## Lecture 14: Data carpentry with `tidyverse`

### STAT598z: Intro. to computing for statistics


***




### Vinayak Rao

#### Department of Statistics, Purdue University

In [None]:
options(repr.plot.width=5, repr.plot.height=3)

We will use a dataset of movies scraped off IMDB:
https://www.kaggle.com/deepmatrix/imdb-5000-movie-dataset
+ Available from the class website

In [None]:
movies_orig <- read.csv('~/RSRCH/DATA/movie_metadata.csv')
movies      <- movies_orig
# Can view this in RStudio using View(movies)
movies[1,]

In [None]:
unique(movies$director_name)

In [None]:
unique(movies$director_name[movies$imdb_score>8.5])

In [None]:
(movies$movie_title[movies$imdb_score>9])

In [None]:
library('tidyverse')
movies <- as_tibble(movies)

Most functions that works with dataframes works with tibbles 
+ functions in `tidyverse` require tibbles
+ additionally, tibbles have some nice conveniences 

In [None]:
my_rnd <- tibble(x=rnorm(10), y = x+1)
print(my_rnd) # tibbles also print a bit more nicely

### The 'pipe' operator `%>%`
`tidyuniverse` gets this from package `purrr` 
+ `magrittr` offers additional functionality

### A side point on infix functions
%func_name% is syntax for infix (rather than prefix) functions:

In [None]:
'%plus%' <- function(x,y) x+y
    
1 %plus% 2;

%>% pipes output of first function to first argument of the second

Can give more readable code.
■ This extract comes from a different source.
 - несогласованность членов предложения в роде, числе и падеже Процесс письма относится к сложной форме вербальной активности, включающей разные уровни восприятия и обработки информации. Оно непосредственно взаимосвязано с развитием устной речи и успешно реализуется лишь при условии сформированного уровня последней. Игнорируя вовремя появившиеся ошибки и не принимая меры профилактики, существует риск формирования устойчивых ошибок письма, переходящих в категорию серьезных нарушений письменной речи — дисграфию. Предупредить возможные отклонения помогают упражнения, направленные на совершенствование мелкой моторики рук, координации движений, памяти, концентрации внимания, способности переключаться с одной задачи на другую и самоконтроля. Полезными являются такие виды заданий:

E.g. consider


In [None]:
range(
      movies$actor_1_facebook_likes[
        order(
              movies$imdb_score, decreasing = T
             )
       ][1:10]
     )
# range(movies$actor_1_facebook_likes[
#   order(movies$imdb_score, decreasing = T)][1:10])
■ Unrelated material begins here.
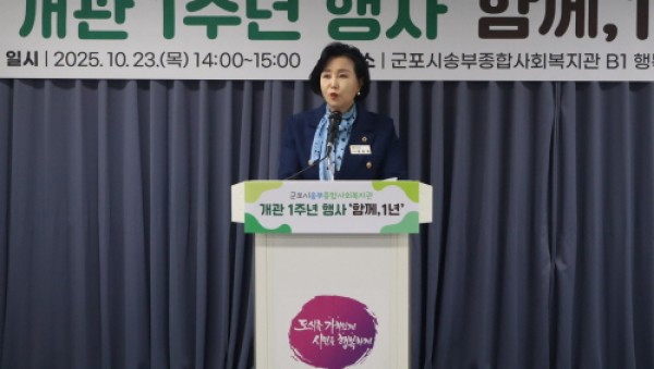 경기도의회 정윤경 부의장(더불어민주당, 군포1)은 23일 군포송부종합사회복지관 개관 1주년 행사에 참석했다.정윤경 부의장은 이날 축사에서 “송부종합사회복지관은 지난 1년 동안 단순히 복지 서비스를 제공하는 공간이 아니라, 사람과 사람이 마음을 잇는 사랑의 통로가 되어주었다”며 “삶의 무…
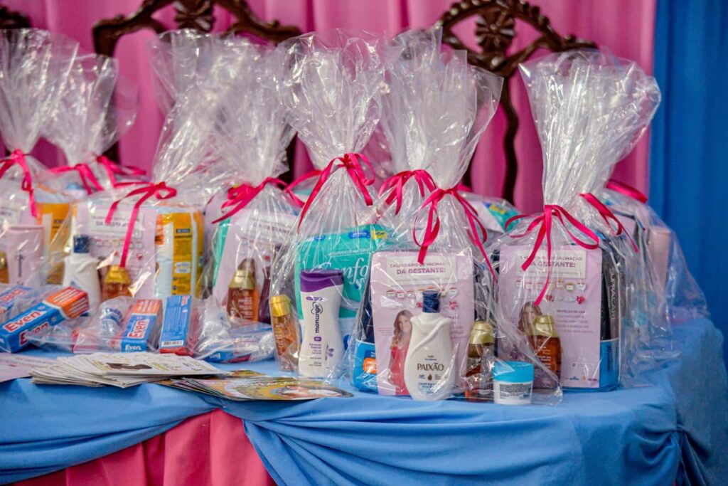 Ao final das atividades, as participantes receberam um kit pós-parto preparado pela equipe da Saúde da Mulher, além de participarem de um momento de confraternização.

Have to parse code from inside to outside.

In [None]:
movies$imdb_score %>% 
  order(decreasing = T) %>% 
  movies$actor_1_facebook_likes[.] %>% 
  .[1:10] %>%
  range

By default, output of function to left of `%>%` is  the first argument of the function to the right

Use `.` as placeholder if argument you are piping to is not the first

In [None]:
4 %>% log(2)

In [None]:
4 %>% log(2,.)

Can pipe to multiple arguments

In [None]:
2 %>% log(.+6,.)

Pipes in pipes are possible (but be careful)

In [None]:
2 %>% log(.+6 %>% .^2 %>% print,.)

`tiyverse` gets `%>%` from the `purrr` package

The `magrittr` package provides more such functions.
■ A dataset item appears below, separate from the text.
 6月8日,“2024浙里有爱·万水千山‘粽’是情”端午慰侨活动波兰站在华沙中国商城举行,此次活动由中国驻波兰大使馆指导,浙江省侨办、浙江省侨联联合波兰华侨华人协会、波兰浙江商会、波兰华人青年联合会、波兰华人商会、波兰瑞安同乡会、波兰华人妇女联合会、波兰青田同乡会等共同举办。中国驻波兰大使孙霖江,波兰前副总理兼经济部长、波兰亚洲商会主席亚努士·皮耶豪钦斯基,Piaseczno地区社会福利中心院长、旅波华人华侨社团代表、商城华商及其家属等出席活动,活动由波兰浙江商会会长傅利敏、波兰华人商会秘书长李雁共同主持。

E.g. the T-pipe `%T>%` passes the LHS onwards 
+ useful for functions like plot where output isn't important

In [None]:
library(magrittr); rnorm(100) %T>% hist  %>% mean

http://www.fromthebottomoftheheap.net/2015/06/03/my-aversion-to-pipes/^

https://cran.r-project.org/web/packages/magrittr/vignettes/magrittr.html

https://www.r-statistics.com/2014/08/simpler-r-coding-with-pipes-the-present-and-future-of-the-magrittr-package/

Our next package from `tidyverse` is `dplyr`


+   `filter`: select observations by values (rows)
+   `arrange`: reorder rows
+   `select`: pick variables (columns) by their names
+   `mutate`: create new variables from existing variables
+   `summarise`: summarise many values

The scope of each is determined by `group_by`

For a more thorough overview, look at *R for Data Science* (http://r4ds.had.co.nz/transform.html#datatransformation)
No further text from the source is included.